Local law enforcement agencies are embarking on a new marijuana eradication campaign called the "Spot Pot, Get A Lot" program, it was announced this week by Maj. Rich Townsend, chief of the state Bureau of Investigation.
Hikers, hunters, 4-wheelers and other outdoor enthusiasts have been successful in spotting entire groves of the illegal plants in Wasatch Front canyons. Thousands of plants worth millions of dollars have only been found with help from citizens, Townsend said.
"When you pluck up 9,000 plants in the canyons, it leads you to believe there's more than we're aware of," he said.
The "Spot Pot, Get A Lot" campaign introduces a new technique in fighting marijuana growers: a toll-free hotline at 1-888-POT-FOUND. Tips leading to large growth finds may yield as much as a $1,000 reward.
"We haven't been successful looking for marijuana growths; citizens have been the most successful," he said. "We wanted to reward them and give additional incentive."
Law enforcement has trouble finding large growths in the mountains because they're too hard to see from the air. They're planted so they blend in with the foliage.

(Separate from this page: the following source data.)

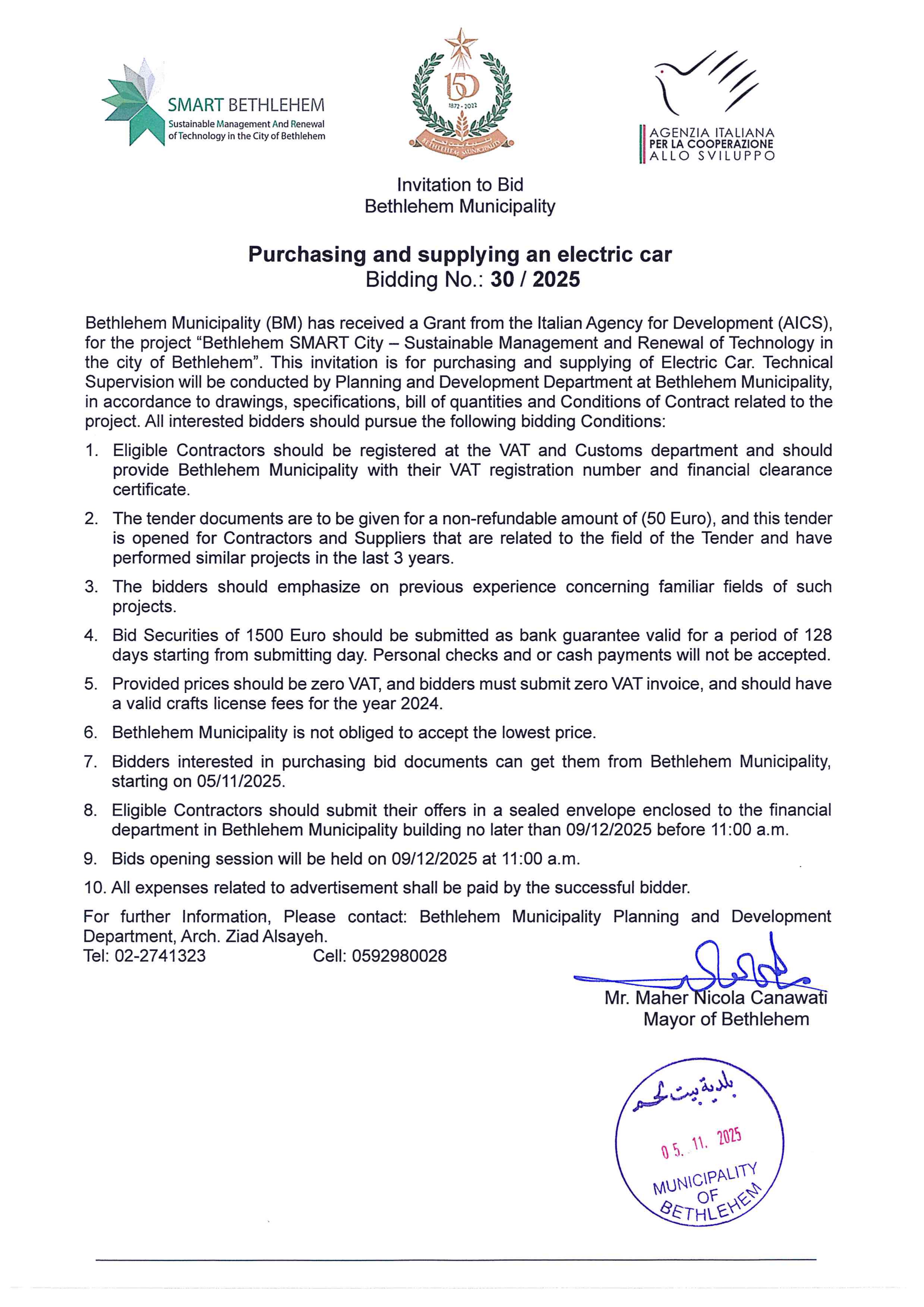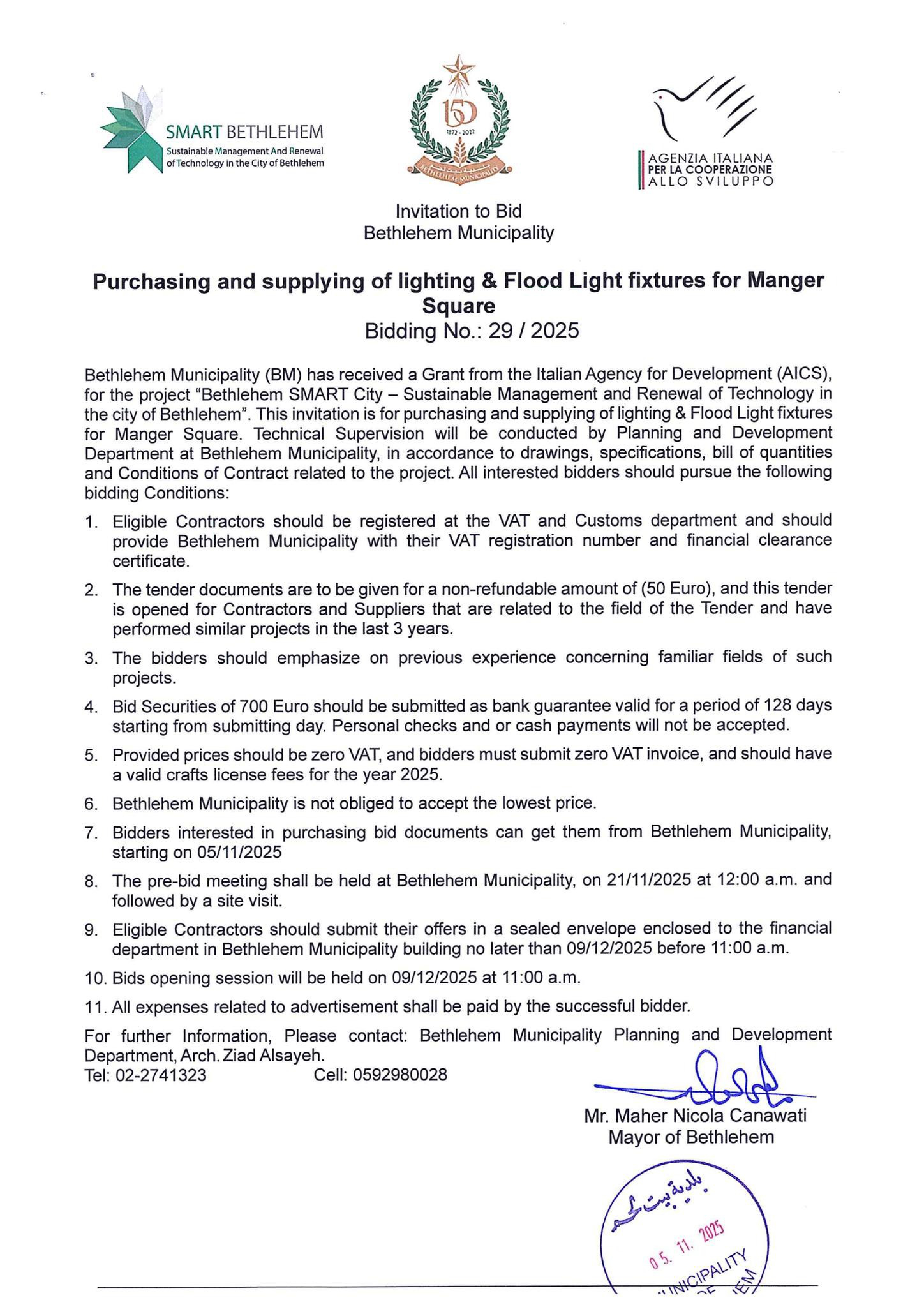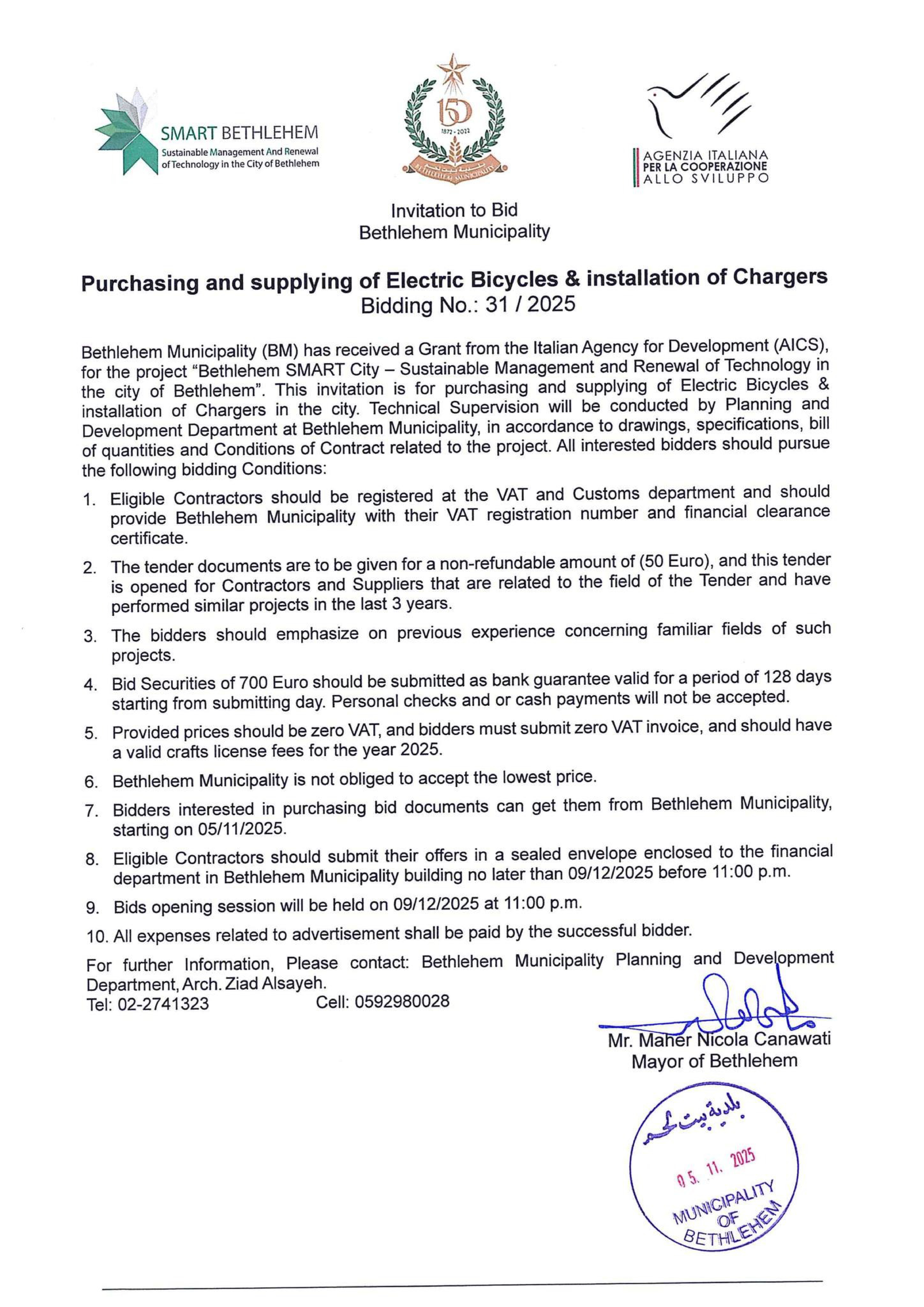 ضمن إطار مشروع بيت لحم مدينة ذكية الممول من قبل الوكالة الإيطالية للتعاون الإنمائي ومن خلال مقاطعة بافيا الإيطالية. تُعلن بلدية بيت لحم عن العطاءات المرفقة وعلى من يرغب بالحصول على نسخة الحضور إلى مبنى البلدية لشراء العطاءات المذكورة وهي:
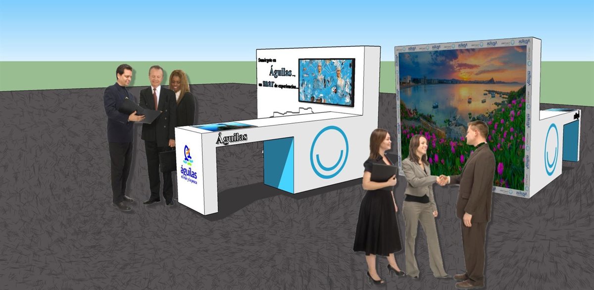 La zona expositiva estará dotada de un mostrador, con el slogan 'Sumérgete en Águilas, un mar de experiencias...', en el que se incluirá una fotografía retroiluminada de la costa aguileña, así como la silueta del Castillo San Juan de las Águilas, junto a un televisor de sesenta pulgadas en el que se difundirán vídeos de la ciudad y el carnaval. Una azafata atenderá al público en este lugar, ofreciendo numeroso material informativo y promocional sobre la oferta turística global de la localidad.
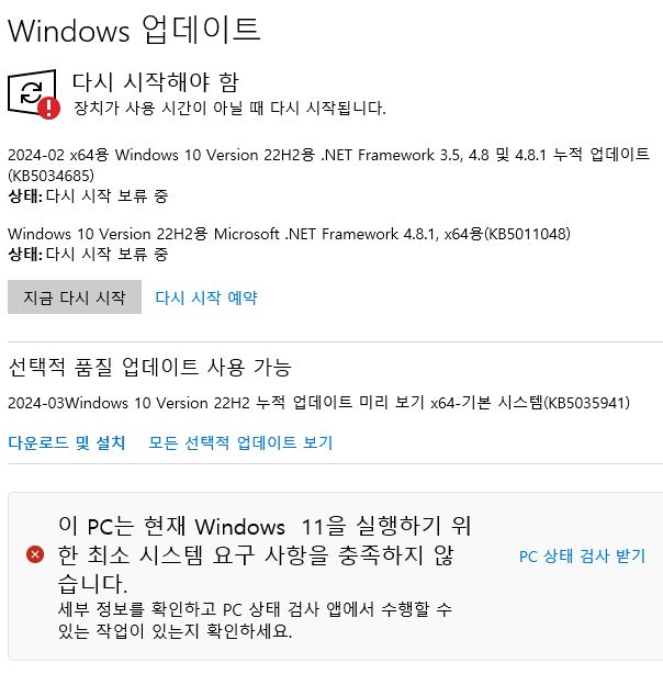 구세대 저사양 컴퓨터라서 윈도우11은 설치할 수 없습니다. (예를 들어, 설치할 때 사양검사를 하지 않게 해서 예를 들어 TPM2.0요구1를 무시할 수 있는 꼼수가 있다고는 하지만 권장되지 않고, 추후 업데이트때 블루스크린을 볼지도 모른다는공포가.. 옛날에 윈도우 10 설치할 때도 블루스크린을 몇번 봤죠)

To recruit more help from outdoor enthusiasts, ads with the hotline number and the money offer will be posted in their publications, Townsend said.
"It's our feeling, and it's backed up by the crime we deal with, that marijuana is a gateway drug to harder and more dangerous drugs. And the effect on driving is dangerous," he said. "People shouldn't be allowed to smoke it."
Tips to the hotline will be passed on to city police or county sheriffs by the bureau wherever the suspected growing is taking place. In this way, the bureau is functioning more as a channel to facilitate local law enforcement.Because Utah's growing season is relatively short, indoor marijuana growing is on the rise, Townsend said. While county sheriffs will usually be called out to investigate large growths in the mountains, operations growing more than would be needed for personal use in a basement or garage will be viewed similarly with the wilderness endeavors with thousands of plants, he said.